Interestingly, God rents out the land to farmers. Implicit in this imagery is a sense that the leaders of Israel are not exactly Israel. This is not a parable of Deism, the Enlightenment philosophy that saw God creating the world and no longer involved in it. It is at least possible that this parable has overtones of exile. Israel is being run by outsiders.

Still, God expects his portion of the land. He expects fruits of righteousness.
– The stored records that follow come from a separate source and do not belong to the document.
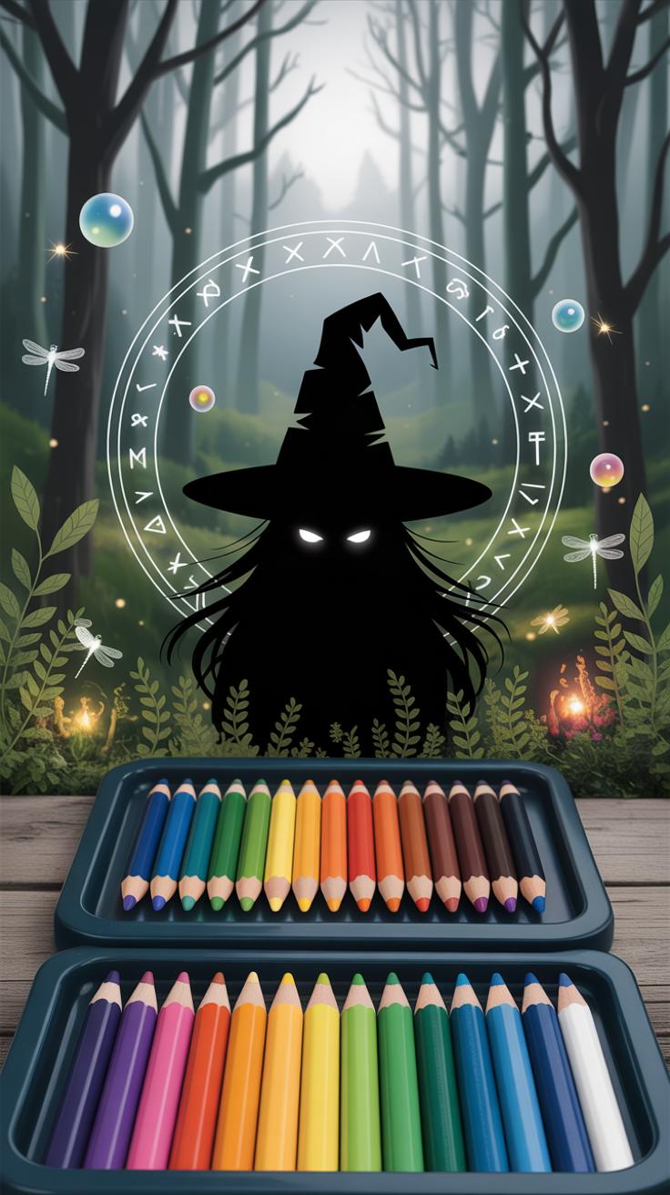 When bringing your Moon Witch to life with color pencils, small magical touches can shift the whole mood. I often find that subtle symbols—like crescent moons or arcane runes—draw the viewer’s eye and hint at unseen powers. You might sketch these symbols lightly first, then layer them softly into the hair or cloak, making them almost whisper rather than shout.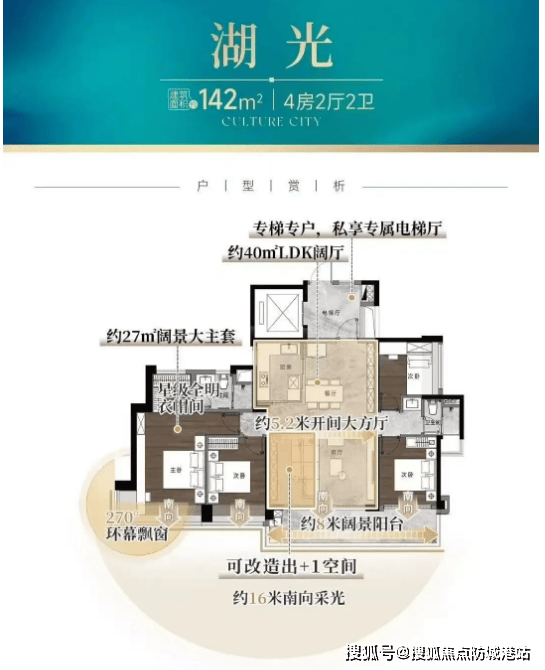 建面约142㎡四房:配备约8米全景阳台,站在阳台即可俯瞰约1.2万㎡湖景,高层还能远眺江景,16米南向采光让室内光照充足,兼具景观与舒适度。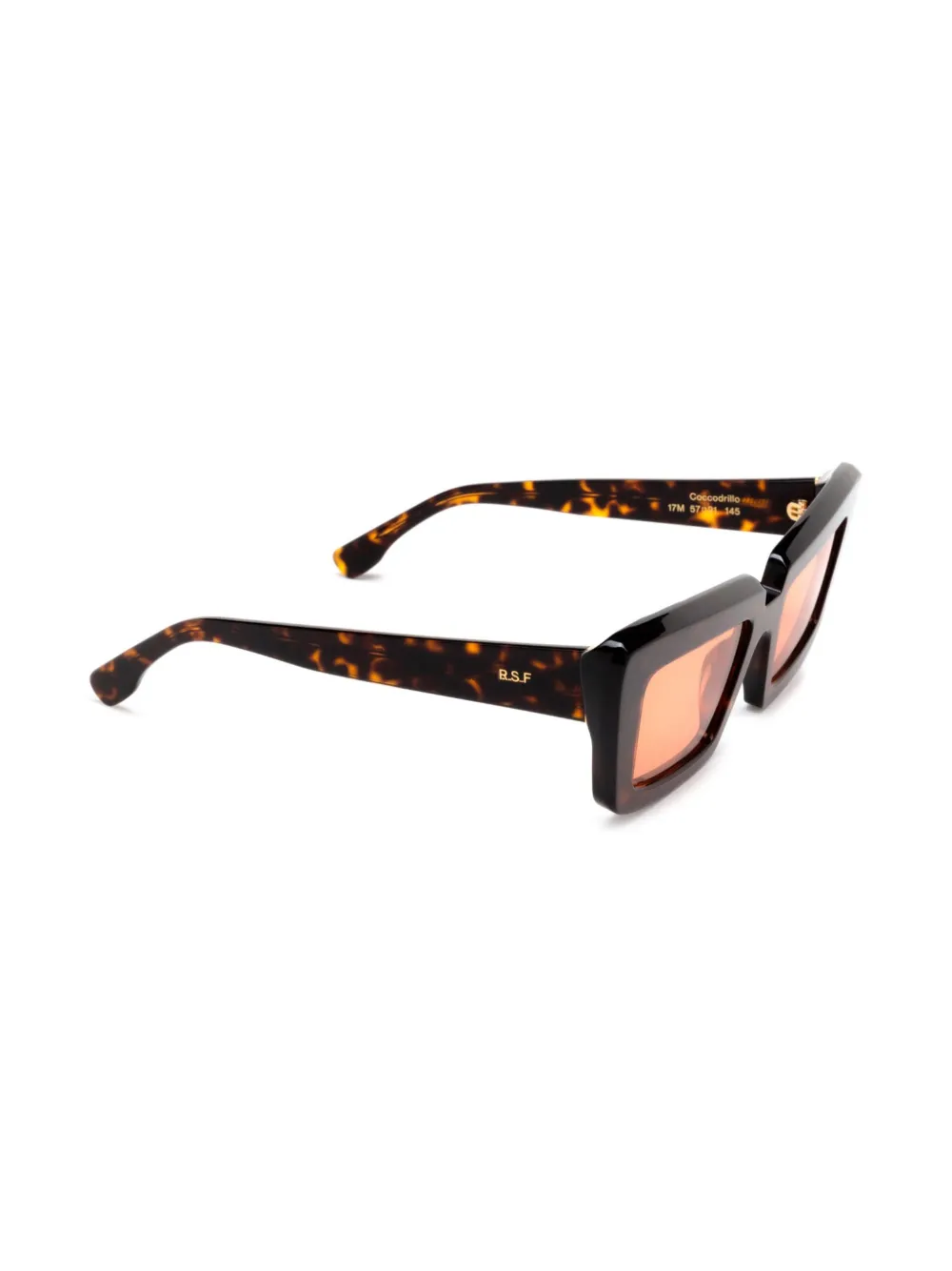 bruin schildpad montuur cat-eye montuur oranje getinte glazen met UV-bescherming logoprint op het pootje rechte poten met gebogen uiteinden Deze bril wordt verkocht met een beschermhoes.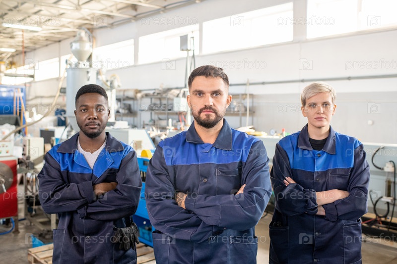 Трое молодых межкультурных рабочих современного завода в комбинезонах, стоящих против промышленных машин
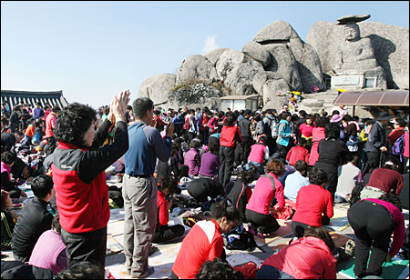 Beyond official and bureaucratic procedures adopted to ensure both fairness and a conducive examination atmosphere, a host of other practices have developed aimed to improve the chances of success. Eating anything sticky on or before ‘D Day’ is believed to enhance ones luck. Sticky things cling to the wall and do not fall and so by chewing on toffee (엿), or sticky rice cake (찰떡), it is hoped you grades will hold fast and not slip into the gutter. Conversely, eating anything slimy, such as seaweed soup (미역 국) might incur bad luck and see your chances for the university of your choice slipping away. At the same time, one must avoided uttering any word expressing failure, falling, dropping, sinking, sliding or slipping. The reason obvious; if it’s muttered, it might happen. Parents and relatives will travel to mountain temples to say prayers and leave slips of paper on which are written the names of loved candidates, or they will attend special services in churches where small Bibles can be purchased in which you stick a photo of your son or daughter, all in the hope of currying divine favour. I doubt many believe success or failure is determined by the consistency of ones food, use of language or even prayer but anything which can be used to bolster the spirit is a valid psychological weapon in the quest for exam success and highlights the desperate measure to which the importance of exam success drives individuals.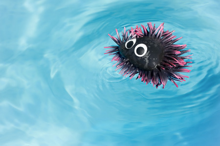 rubber sea urchin toy floating in water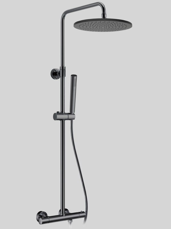 Odkryj nowoczesną kolumnę prysznicową termostatyczną w kolorze tytanowym, idealną dla tych, którzy cenią sobie zarówno styl, jak i funkcjonalność. Mosiężna bateria z wykończeniem PVD, czujnik termostatyczny Vernet i wąż prysznicowy PVC gwarantują niezawodność oraz elegancki wygląd.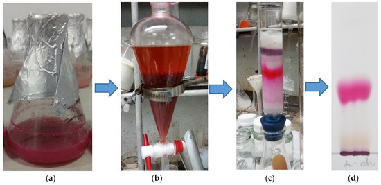 The purification and isolation process of prodigiosin. The culture broth containing prodigiosin (a) was extract by ethyl acetate (b). The crude prodigiosin was further separated by silica gel column (c) and then isolated by thin layer chromatography (TLC) (d).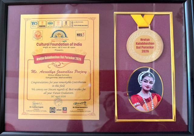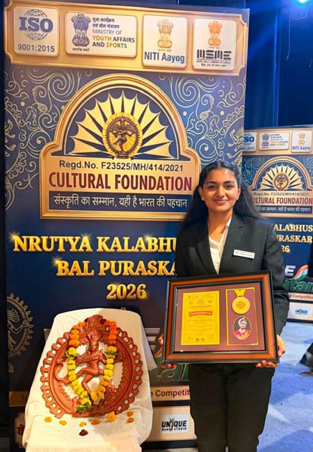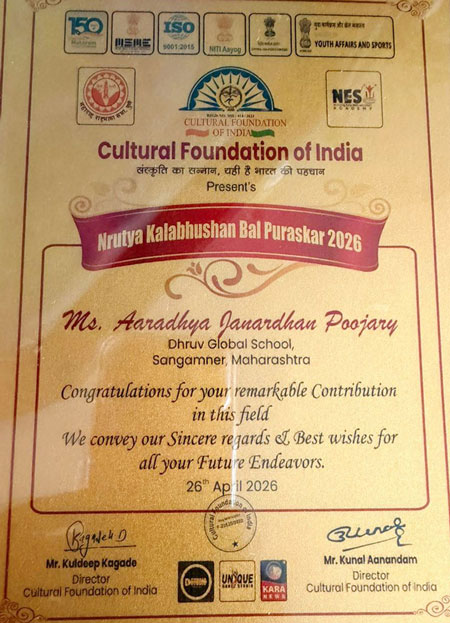 Nashik, Apr 27: Yashodhara Laxmikant Naikawadi and Aradhya Janardhan Poojary, students of Dhruva Global School, have been conferred with the prestigious national-level 'Nrityakala Bhushan Bala Award 2026' for their outstanding achievements in the field of dance.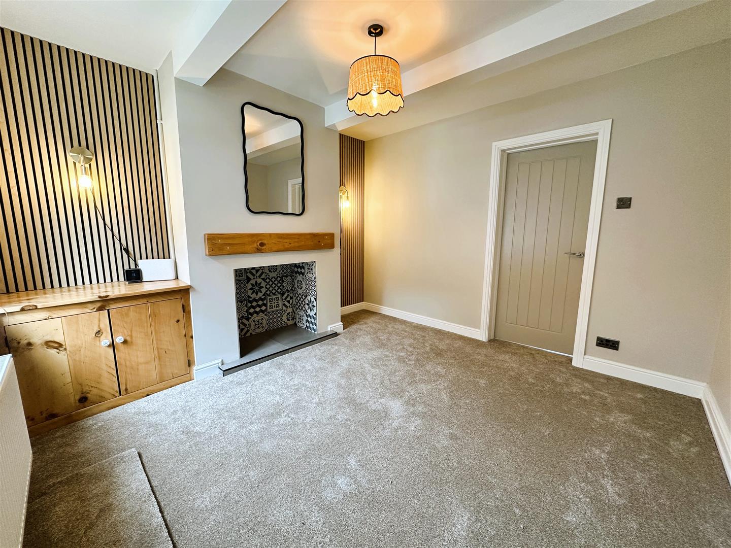 Well presented living room featuring new carpet, neutral decor with slatted oak feature walls, and a decorative fireplace.
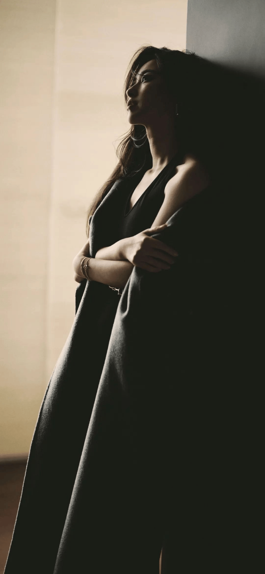 大衣是敞开穿的,有舒适和放松的感觉。领口有拉长视线的效果,有效地修饰脸型,随意不刻板。 这件大衣的面料质感非常好,在阳光下有微微的光泽,自带一种低调的高级感。面料很挺括,垂感很好,走路带风。 一套好的穿搭,不只是在于大衣的款式和颜色,同样重要的,还有内搭: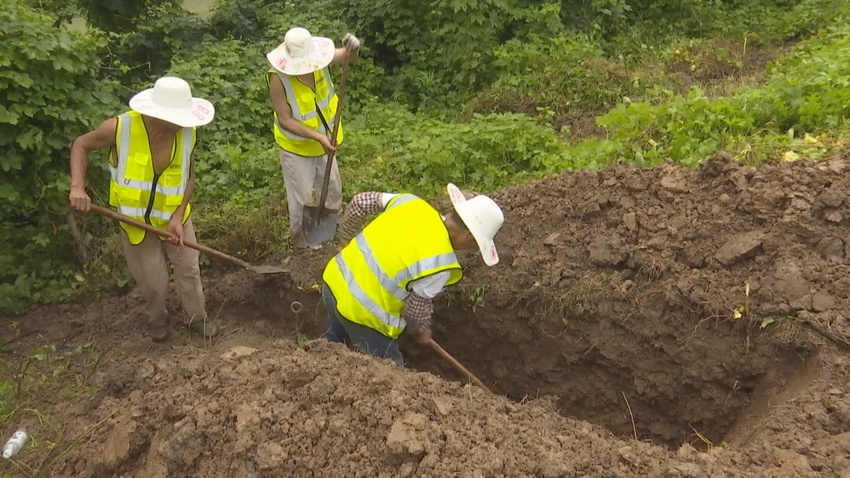 7月25日,在云梦县府河左堤沙河段白蚁防治工地上,湖北省罗田县白蚁防治研究所的同事们有的拿着铁锹,正在配合默契地清理蚁穴,有的蹲在地上观察被白蚁啃噬的树木,有的在喷洒灭蚁药物……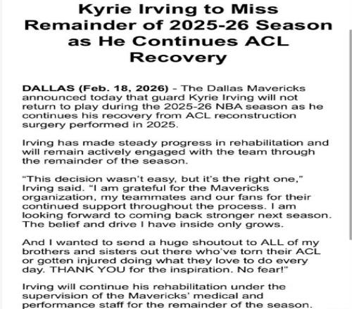 北京时间2月18日,当名记Shams报道表示,欧文本赛季不会复出,随后独行侠官方确认,欧文将于2026-27赛季复出回归赛...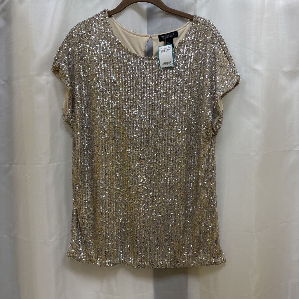 Rachel Zoe Sequin Blouse L Gold
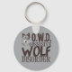 En rolig och söt varg med OWD, överdriven Varg Disorder och bild av en vacker grått-varg. I kärlek fantastisk-vildens nyckelkedjor för djur, särskilt vargar.

God expects good grapes.

12:3 And having received him, they beat him and sent [him] empty-handed. 4. And again he sent to them another servant, and him they struck on the head and disgraced. 5. And another he sent, and him they killed and many others, beating some, and killing some. 

The prophets of Israel did not always fare well. We should not overread the imagery--this is a parable not an allegory. But one could infer that the leadership of Israel even when it was in control of its land was farmed out. How difficult it is for the righteous to end up in power. How difficult it is for those in power to stay righteous. They are often like farmers God put in control but who are not exactly God's people.

The fact that Israel killed God's messengers is repeated in the Gospels. Luke 13:34 says, "Jerusalem, Jerusalem, you who kill the prophets." Matthew 23:31 says, "You are the descendants of those who killed the prophets." We should possibly see John the Baptist as part of this mix.

12:6 Still he was having one beloved son. He sent him last to them, saying, "They will respect my son." 7. But those farmers said to themselves, "This is the heir. Come. Let us kill him, and the inheritance will be ours." 8. And having taken, they killed him and cast him out of the vineyard.

Jesus is clearly the Son whom God sent. In this parable, he anticipates that he is about to be killed by the leadership of Israel like the prophets before him. In 11:18, they have already begun to plot. If he stays in the environs of Jerusalem, it is only a matter of time.   

12:9 What will the Lord of the vineyard do? He will come and destroy those farmers and will give the vineyard to others. 10. Not even have you read this Scripture: "The stone that the ones building rejected--this [one] has become the head of the corner." 11. This [head] came to be from the Lord, and it is marvelous in our eyes.

The victory of such "farmers" is only temporary. There will be consequences. The landowner, so patient for so long, will not suffer this insolence forever, especially when they have killed his son. He will utterly destroy them. Although Mark does not make the connection to the destruction of Jerusalem in AD70 explicit, the audience of Mark would make the connection easily enough.

The event of Palm Sunday echoed Psalm 118 in more than one verse. Here Jesus quotes it again explicitly (Psalm 118:22). They have rejected Jesus as a stone in the building of Israel, but God is going to make Jesus the cornerstone of the kingdom of God. God is the Master of the vineyard. He will install whom he wants to install. He will build the way he wants to build Israel. And he wants to build on Jesus. This is a truly marvelous development!

12. And they were seeking to grab him, and they feared the crowd, for they knew that he spoke this parable against them. And, having left him, they went away.

The leaders of Jerusalem are not stupid. The fact that they do not have ears to hear does not mean in this instance that they do not know what he means,. They simply reject it with all their being. At the end of Monday, they wanted to find a way to get rid of Jesus. Now it is Tuesday and they feel even more strongly about it.